Data for analysis

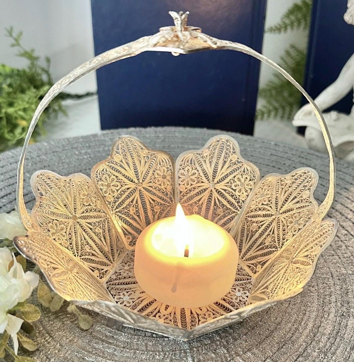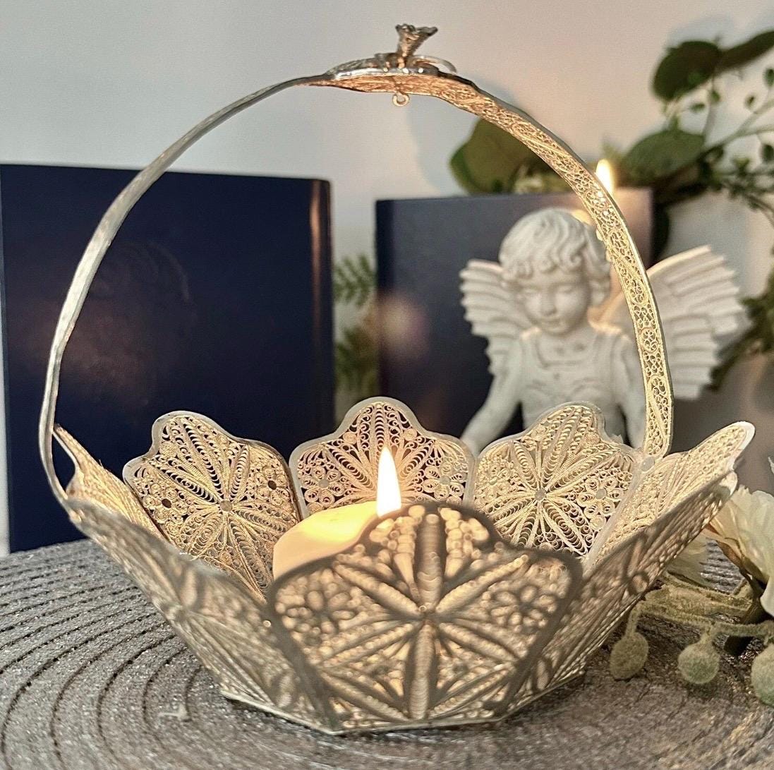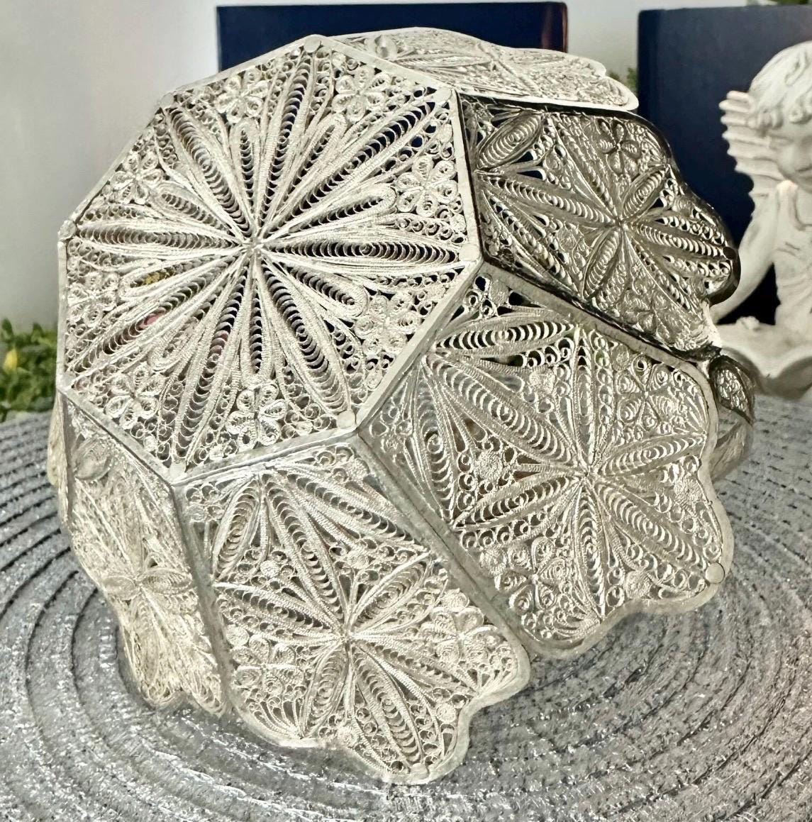 This is for a vintage Silver Handcrafted Peruvian Filigree basket. This cute handled silver Filigree basket has many uses from holding small soaps, silver Candy basket, to artificial flower.
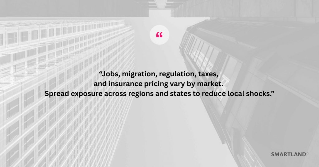 Jobs, migration, regulation, taxes, and insurance pricing vary by market. Spread exposure across regions and states to reduce local shocks. Set limits and rebalance as values change.
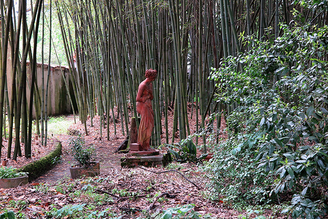 Sulla sinistra di via Giovanni Battista Monteggia vi è una cancellata attraverso la quale è possibile vedere uno scorcio del giardino di villa Carmen – Emilia
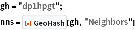 If the first argument is a valid geohash string and the second argument is "Neighbors" then a list of neighboring geohashes is returned:
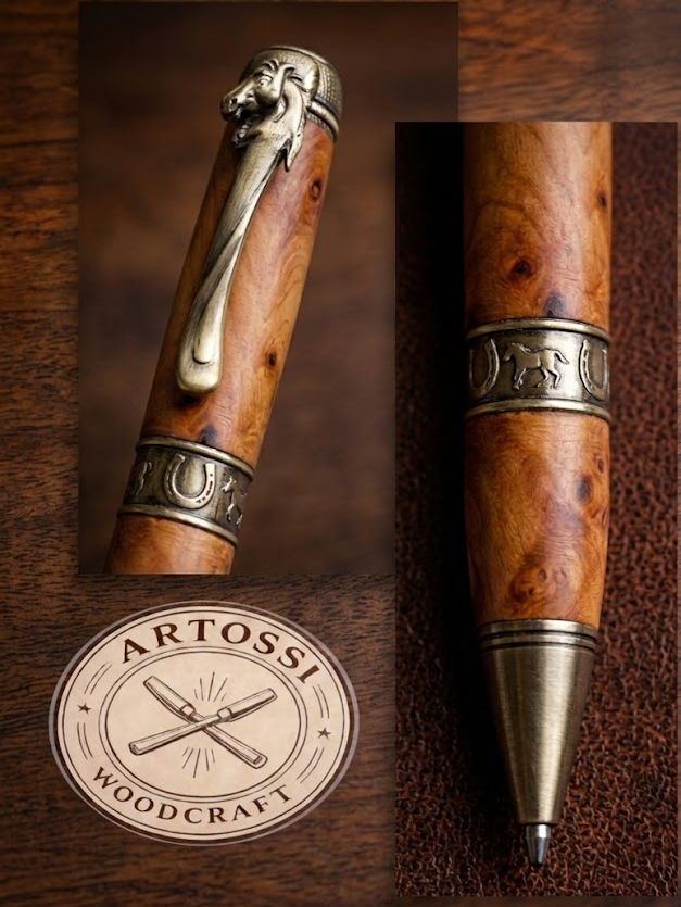 Holz und Schreibgeräte handmadeHandgefertigter Kugelschreiber aus gestockter Rosskastanie mit Pferdemotiv – Unikat | ARTOSSI Woodcraft
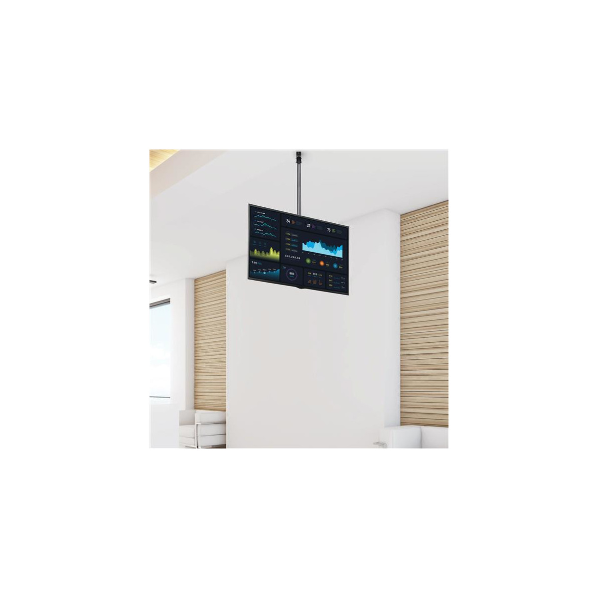 Il supporto per TV LCD è compatibile con molti tipi diversi di soffitto e può essere ruotato per adattarsi a qualsiasi ambiente, dai soffitti spioventi (fino a 60°) e inclinati a quelli orizzontali (piani), in modo che il display sia collocato sulla linea di visuale.. L'asta di prolunga può anche ruotare di + 180°/- 180° per una visione ottimale.
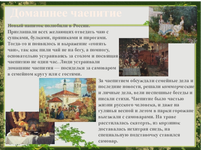 За чаепитием обсуждали семейные дела и последние новости, решали коммерческие и личные дела, вели неспешные беседы и писали стихи. Чаепитие было частью жизни русского человека, и даже на гулянья весной и летом в парки горожане выезжали с самоварами. На траве расстилалась скатерть, из корзинок доставалась нехитрая снедь, на специальную подставочку ставился самовар.
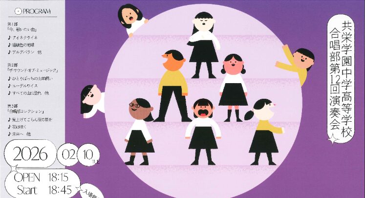 共栄学園中学高等学校合唱部は、来る2月10日 (火)、第12回となる演奏会を実施いたします。会場はかつしかシンフォニーヒルズ・アイリスホール、18:45開演予定です。
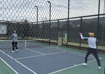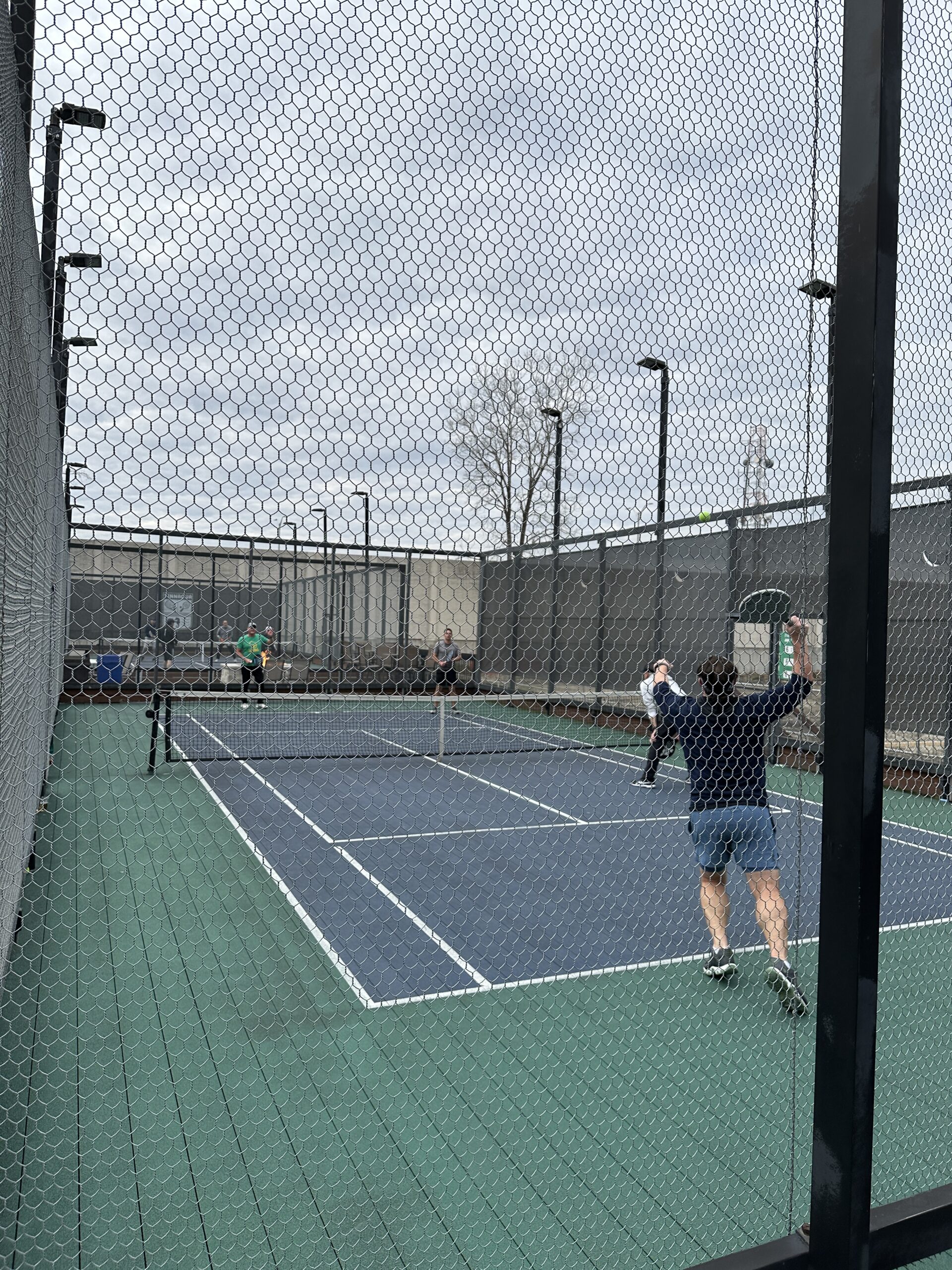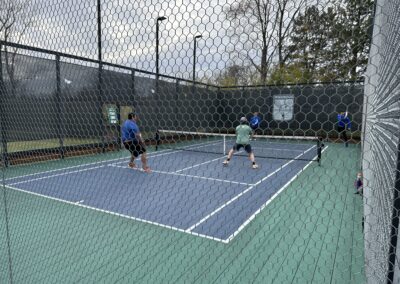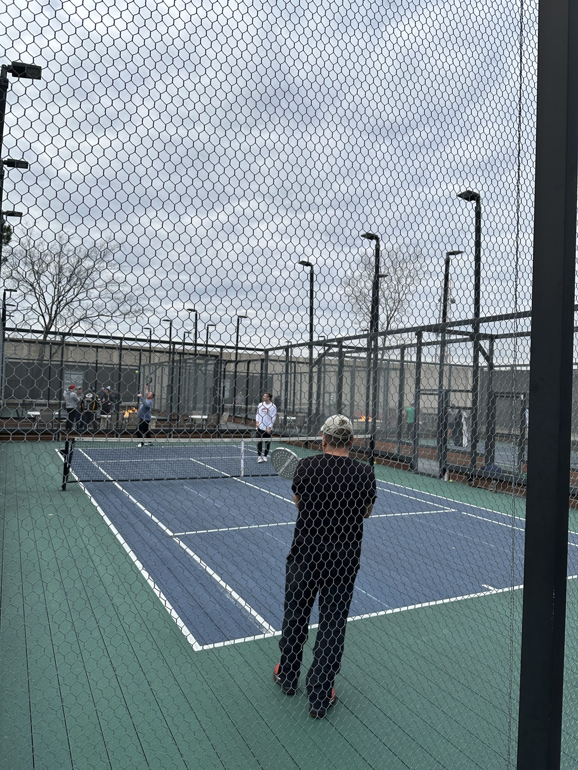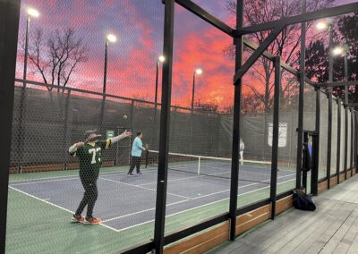 An opening match in front of the firepit of Court 5, with Nick & Tom winning the point (and the match 10-6) over Series 6 Tannaqua players Rose & LaPiana.
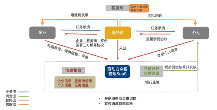 劳动力众包管理SaaS——一站式企业复合用工技术平台,为灵活用工企业、财税服务商和自由职业者提供技术平台服务
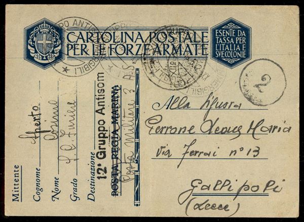 XII Gruppo Antisommergibili - cartolina postale in franchigia per Gallipoli del 19.5.42
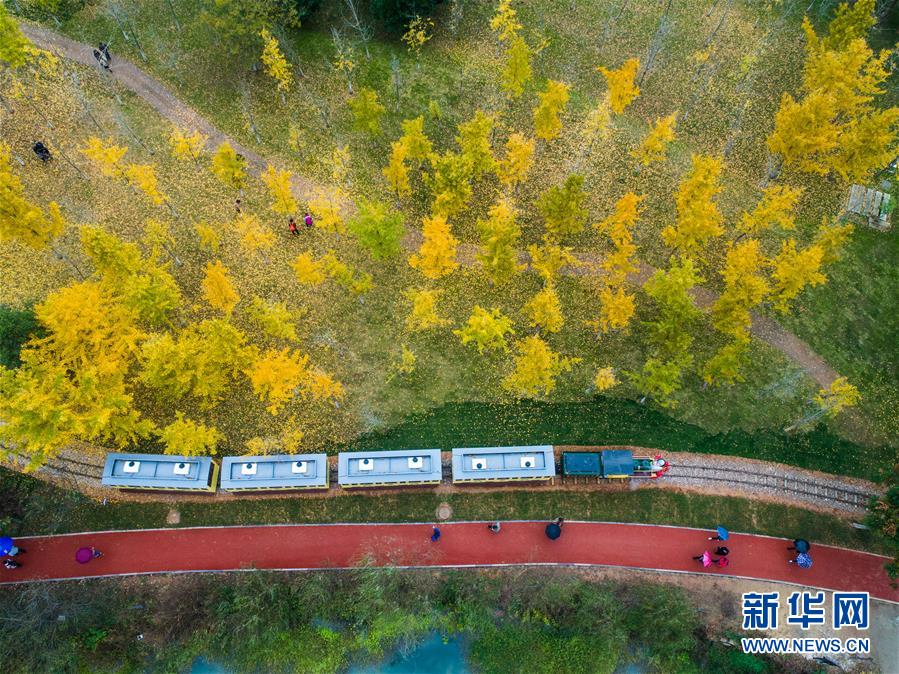 一列觀光小火車帶著游客穿行在銀杏林里(11月16日無人機拍攝)。近日,在浙江省長興縣小浦鎮(zhèn),“十里銀杏長廊”和近千畝花海經過近一年的升級改造后,以嶄新的面貌與游客見面。花海、觀光小火車、古村民宿、銀杏長廊等旅游項目全面提升了小浦鎮(zhèn)鄉(xiāng)村旅游的品質。新華社記者 徐昱 攝
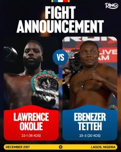 British heavyweight contender Lawrence Okolie (22-1, 16 KOs), a former WBO cruiserweight world champion of Nigerian descent, will face Ghanaian veteran Ebenezer Tetteh in a scheduled heavyweight bout on December 21, 2025, in Lagos, Nigeria.
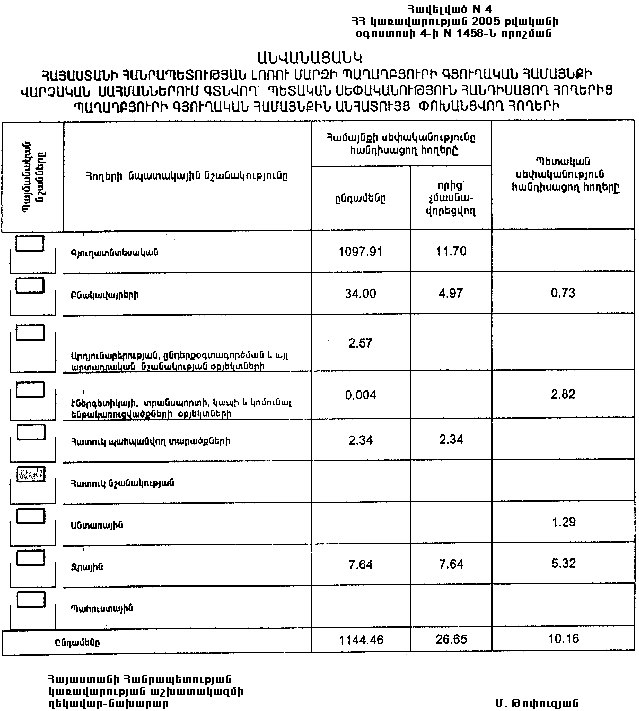 4 օգոստոսի 2005 թվականի N 1458-Ն
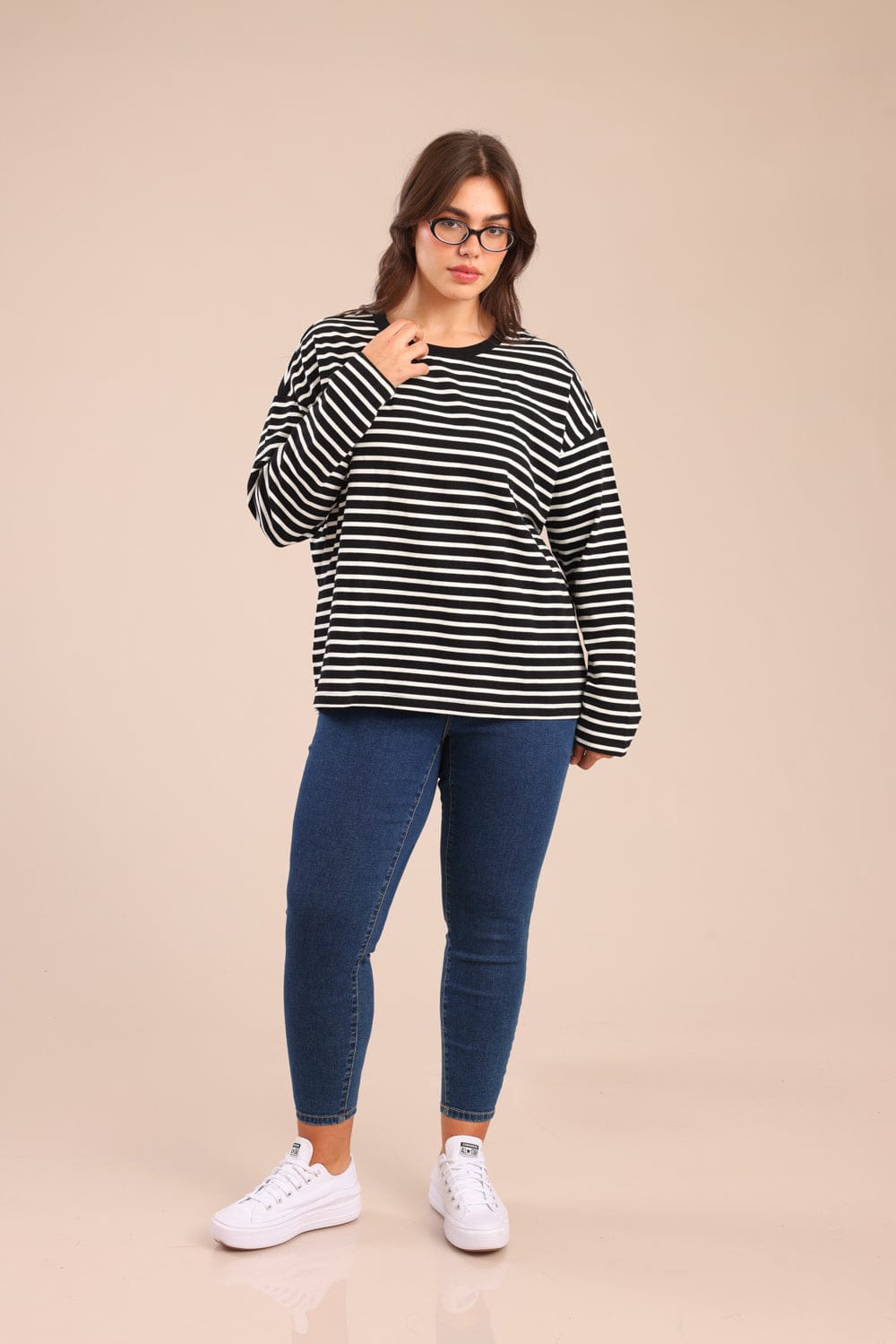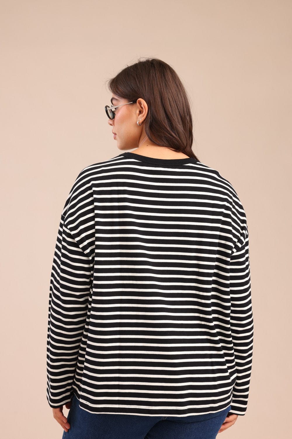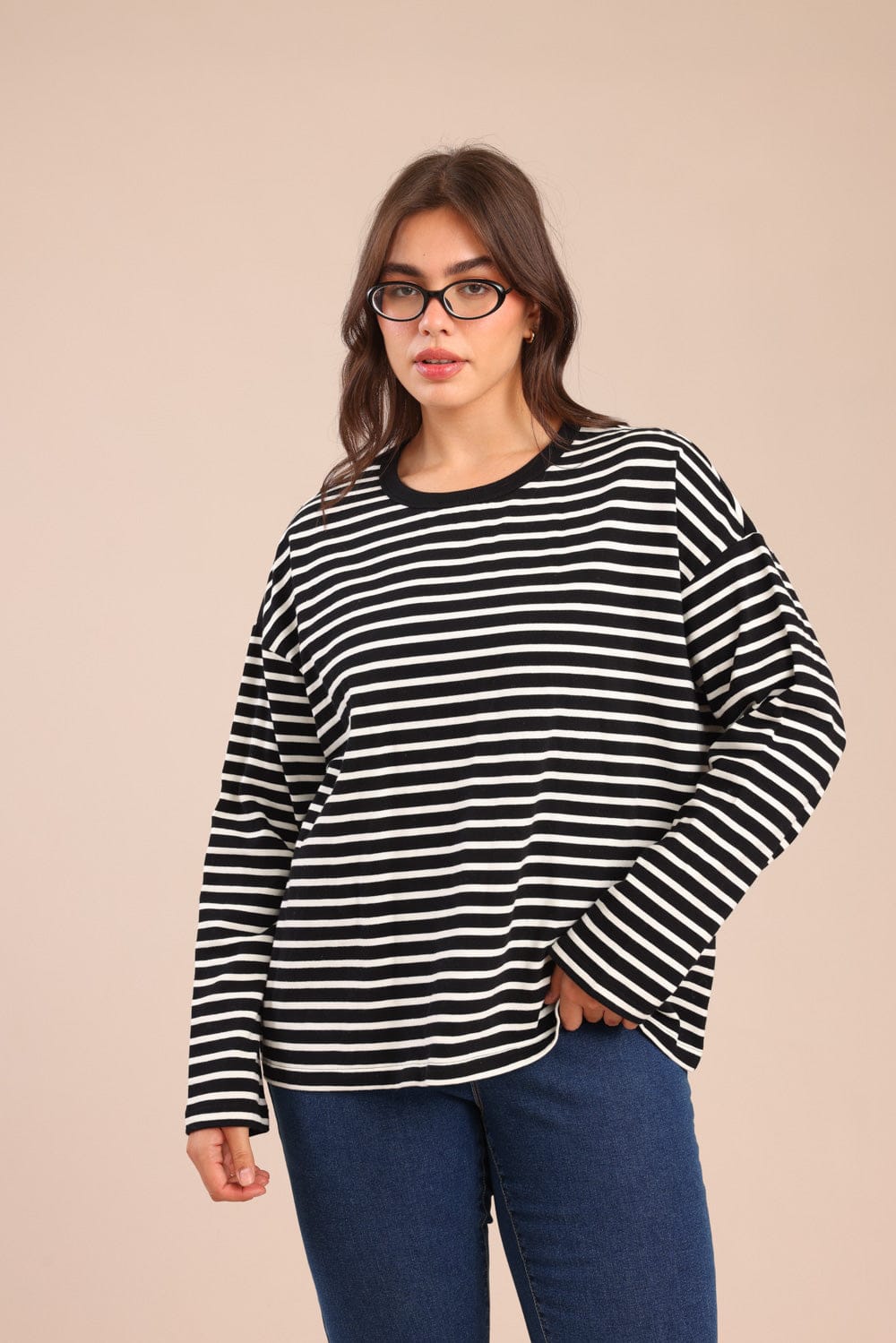 חולצה צווארון עגול עם פסים לרוחב 100% כותנה

What you will do
Whatever pictures the records hold, omit them; give again exactly the lines from the one containing "Sulla sinistra di" through the one containing "共栄学園中学高等学校合唱部は".

Exercise answer
 Sulla sinistra di via Giovanni Battista Monteggia vi è una cancellata attraverso la quale è possibile vedere uno scorcio del giardino di villa Carmen – Emilia
 If the first argument is a valid geohash string and the second argument is "Neighbors" then a list of neighboring geohashes is returned:
 Holz und Schreibgeräte handmadeHandgefertigter Kugelschreiber aus gestockter Rosskastanie mit Pferdemotiv – Unikat | ARTOSSI Woodcraft
 Il supporto per TV LCD è compatibile con molti tipi diversi di soffitto e può essere ruotato per adattarsi a qualsiasi ambiente, dai soffitti spioventi (fino a 60°) e inclinati a quelli orizzontali (piani), in modo che il display sia collocato sulla linea di visuale.. L'asta di prolunga può anche ruotare di + 180°/- 180° per una visione ottimale.
 За чаепитием обсуждали семейные дела и последние новости, решали коммерческие и личные дела, вели неспешные беседы и писали стихи. Чаепитие было частью жизни русского человека, и даже на гулянья весной и летом в парки горожане выезжали с самоварами. На траве расстилалась скатерть, из корзинок доставалась нехитрая снедь, на специальную подставочку ставился самовар.
 共栄学園中学高等学校合唱部は、来る2月10日 (火)、第12回となる演奏会を実施いたします。会場はかつしかシンフォニーヒルズ・アイリスホール、18:45開演予定です。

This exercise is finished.